Этот исторический процесс взаимодействия искусства и религий привел к тому, что мировые религии включили в свою структуру почти все искусства, как традиционные, так и современные. Но этот процесс имел свои роковые последствия: границы религиозного сознания в результате многостороннего воздействия на него всех искусств стали размываться, религии стали терять свое специфическое иллюзорное содержание. Вместе с тем возникает новая эстетическая и художественная среда, которая слишком удалена от традиционного религиозного мышления.
Освобождение эстетического сознания из-под религиозного влияния неизбежно, так как современный мир с его динамически напряженным процессом социальной жизни, научно-техническая революция и мощные демографические взрывы разрушают, последовательно и неуклонно, структуру традиционных мировых религий. Это исторически неизбежное разрушение структуры традиционных религий происходит и под воздействием созданной ими системы искусств.
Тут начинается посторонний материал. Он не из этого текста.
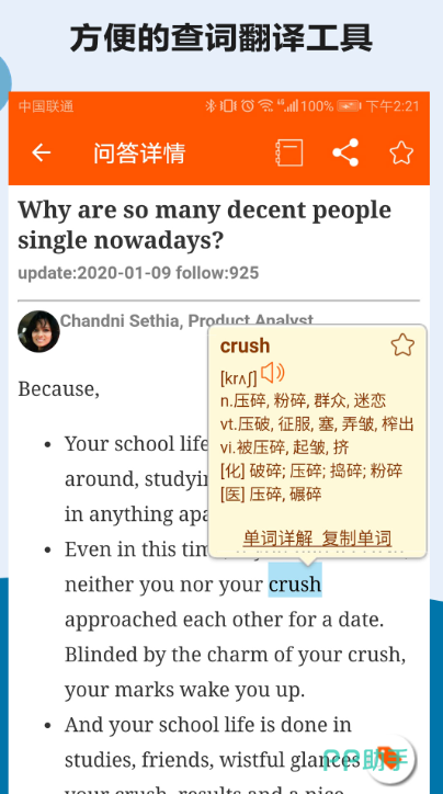 它除了可以让你了解英语以外,还可以加强你的阅读能力,纠正你的发音,了解海外经典名著,掌握各种英语生僻词汇,提高英语的水平。
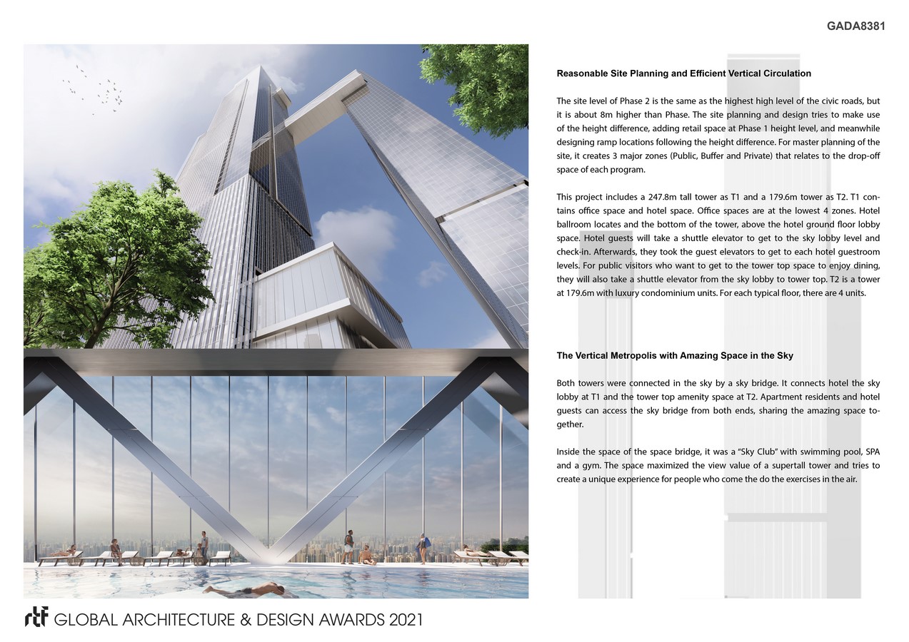 This project includes a 247.8m tall tower as T1 and a 179.6m tower as T2. T1 contains office space and hotel space. Office spaces are at the lowest 4 zones. Hotel ballroom locates and the bottom of the tower, above the hotel ground floor lobby space. Hotel guests will take a shuttle elevator to get to the sky lobby level and check-in. Afterwards, they took the guest elevators to get to each hotel guestroom levels. For public visitors who want to get to the tower top space to enjoy dining, they will also take a shuttle elevator from the sky lobby to tower top. T2 is a tower at 179.6m with luxury condominium units. For each typical floor, there are 4 units.
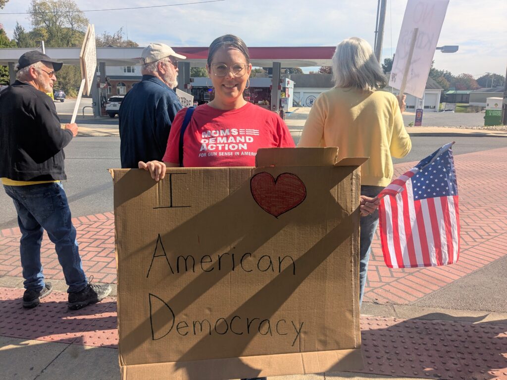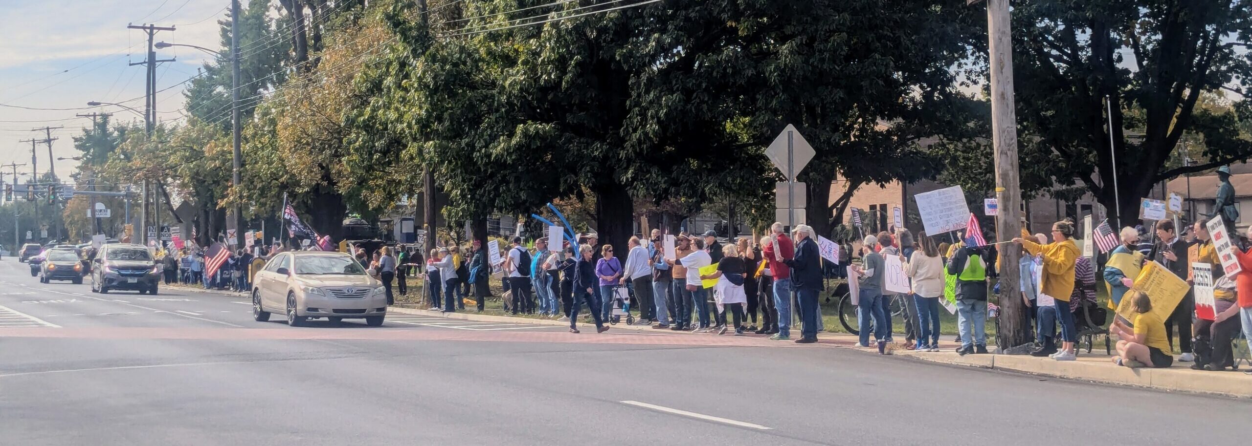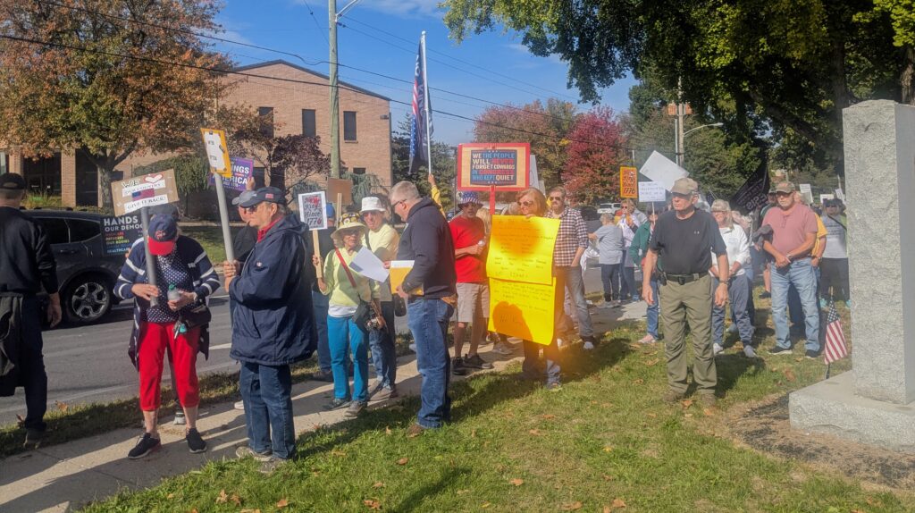 Protestors spanned the length of Fisher Veterans’ Memorial Park in Lebanon on Saturday morning, Oct. 18, lining the street’s edge with protest signs and American flags in opposition to the Trump administration.

Уже в начале нашего века этот процесс вызывал тревогу у многих буржуазных ученых, стремившихся интерпретировать его как новую ступень органического единения религиозного и эстетического сознания. Стремление сохранить «единство» религии и искусства нашло свое выражение в двух основных теоретических тенденциях: искусство, поглощая традиционные религии, само становится современной религией (искусство — религия); религия, теряя традиционные черты, переносит свои наиболее существенные признаки и качества в сферу искусства (религия — искусство).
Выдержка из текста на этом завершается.